To determine whether there is a linear correlation between batting average and home run percentage, we can calculate the correlation coefficient.
Here are the steps to calculate the correlation coefficient:
Step 1: Calculate the mean of each dataset (batting average and home run percentage).
Mean of batting average (x): (0.251 + 0.259 + 0.29 + 0.265 + 0.269) / 5 = 0.2666.
Mean of home run percentage (y): (1.3 + 3.7 + 5.8 + 3.9 + 3.7) / 5 = 3.28.
Step 2: Calculate the deviation of each data point from the mean.
Deviation of each x-value: (0.251 - 0.2666), (0.259 - 0.2666), (0.29 - 0.2666), (0.265 - 0.2666), (0.269 - 0.2666).
Deviation of each y-value: (1.3 - 3.28), (3.7 - 3.28), (5.8 - 3.28), (3.9 - 3.28), (3.7 - 3.28).
Step 3: Square each deviation.
Squared deviation of x-values: (0.000036), (0.000051), (0.000493), (0.000014), (0.000001).
Squared deviation of y-values: (3.24), (0.1764), (5.1844), (0.4096), (0.1681).
Step 4: Calculate the product of the x and y deviations.
Product of x and y deviations: -0.020464, 0.008978, -0.065062, -0.002556, -0.000188.
Step 5: Calculate the sum of the squared deviations and the product of deviations.
Sum of squared deviations of x: 1.000095 x 10^-8.
Sum of squared deviations of y: 8.3895.
Product of deviations: -0.080452.
Step 6: Calculate the correlation coefficient (r).

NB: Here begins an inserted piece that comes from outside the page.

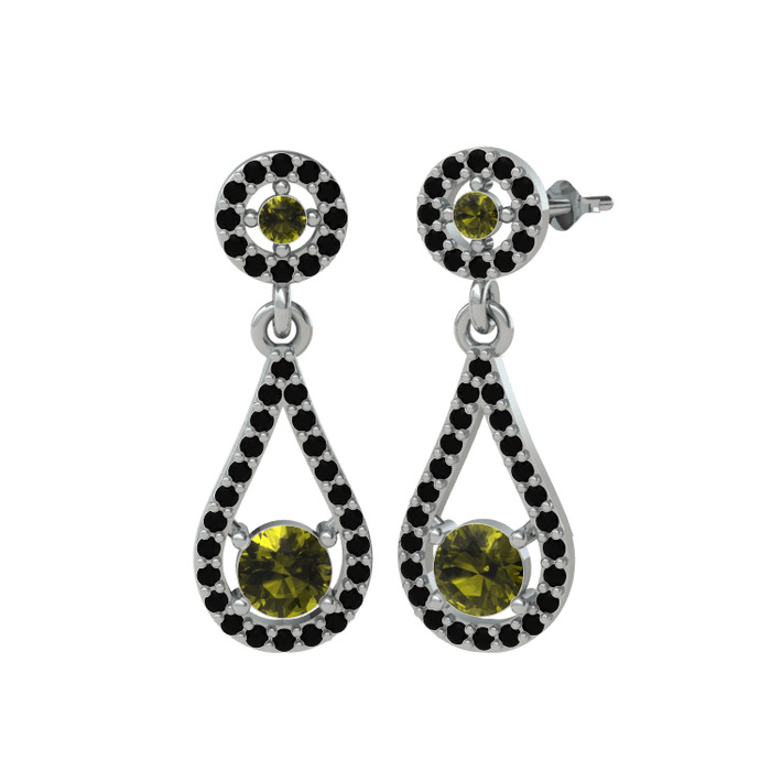 Peridot ve siyah zirkon 8 ayar beyaz altın küpe

r = (sum of products of deviations) / sqrt((sum of squared deviations of x) * (sum of squared deviations of y))
r = -0.080452 / sqrt((1.000095 x 10^-8) * 8.3895)
r ≈ -0.080452 / sqrt(8.39012517 x 10^-8)
r ≈ -0.080452 / 0.000289515
r ≈ -0.277888.
From the calculated correlation coefficient (r ≈ -0.277888), we can conclude that there is a weak negative correlation between batting average and home run percentage. Therefore, your answer of "strong and positive" is not correct.